The possibilities ahead are substantial. As AI agents evolve from copilots into autonomous operators capable of managing workflows and transactions, the organizations that win will be those that build the right foundation now. “What we are seeing as a new way of thinking is moving from a system of execution or a system of engagement to a system of action,” notes Padmanabhan. “That is the new way we see the road ahead.” 未来的可能性是巨大的。

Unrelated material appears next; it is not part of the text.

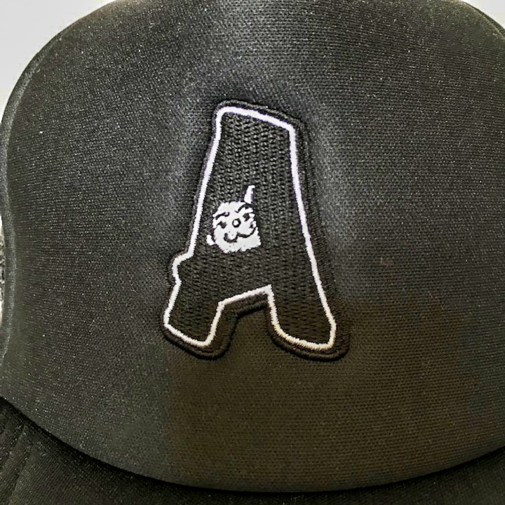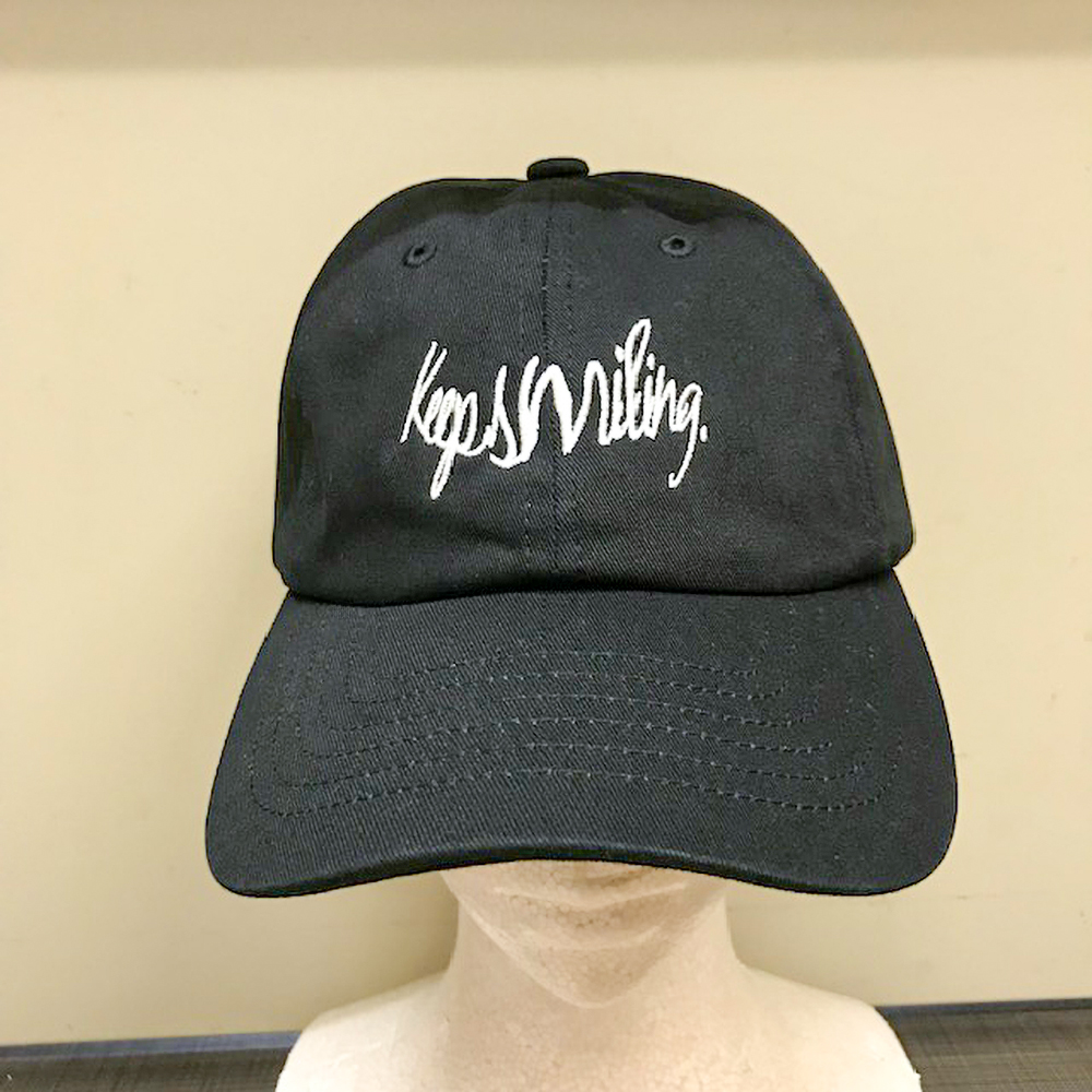 キャップの前面に大きく手書き風ロゴを刺繍しました。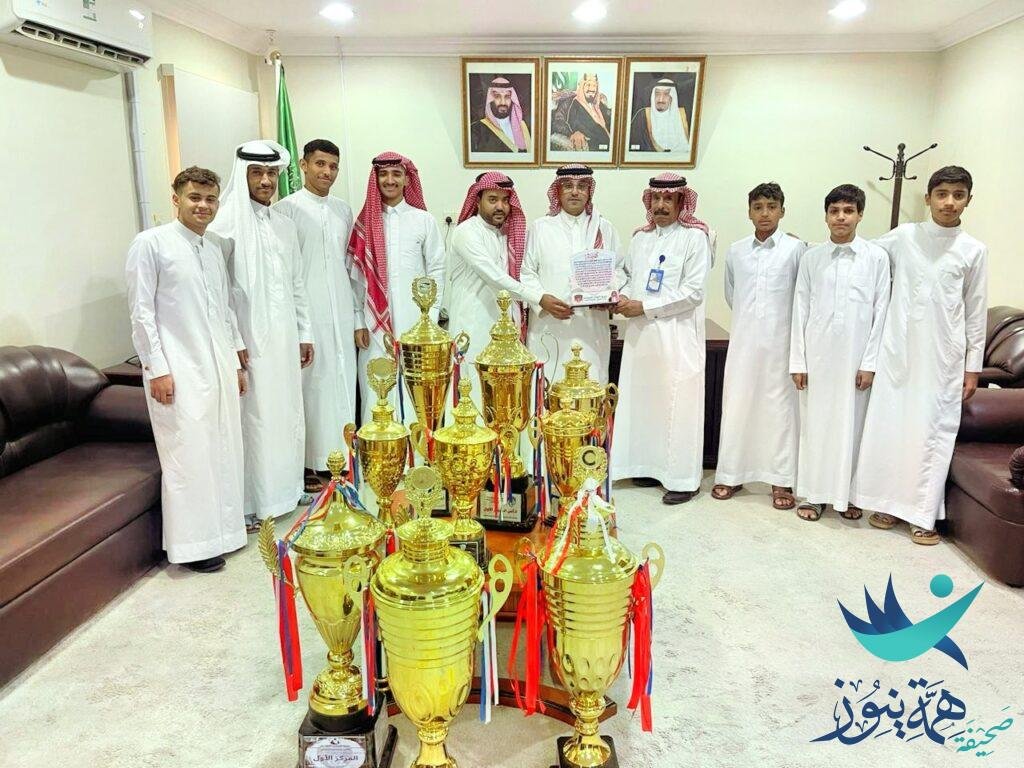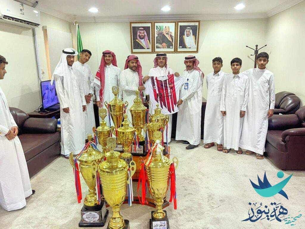 و أعرب سعادتة البالغة بهذه الزيارة الميمونة وحرص عليهم باتمام المسيره ليصبحوا أبطال في كرة القدم يمثلون مملكتنا الغاليه السعودية العظمى التي تحرص على تطوير الرياضة وبذل كل مايخدم الرياضية والرياضيين واوصاهم بالتحلي بالاخلاق الحميده و بالصلاة وطاعة ولي الأمر وعدم اتباع الجهات الظاله التي تهدم وتدمر الأسر والوطن وممتلكاتة والابتعاد عن مايفسد العقل وأردف قائلا انا معكم قلبا وقالبا وسعدت جدا بلقائكم

随着 AI 智能体从副驾驶演变为能够管理工作流和交易的自主操作员,最终胜出的组织将是那些现在就打好正确基础的企业。“我们所看到的一种新思维方式,是从执行系统或交互系统转向行动系统,”Padmanabhan 指出。“这就是我们所看到的未来之路。”
The future of AI in the enterprise will be determined by whether businesses can turn fragmented information into a strategic asset capable of powering both smarter decisions and entirely new ways of operating. 企业 AI 的未来将取决于企业能否将碎片化的信息转化为战略资产,从而驱动更明智的决策和全新的运营方式。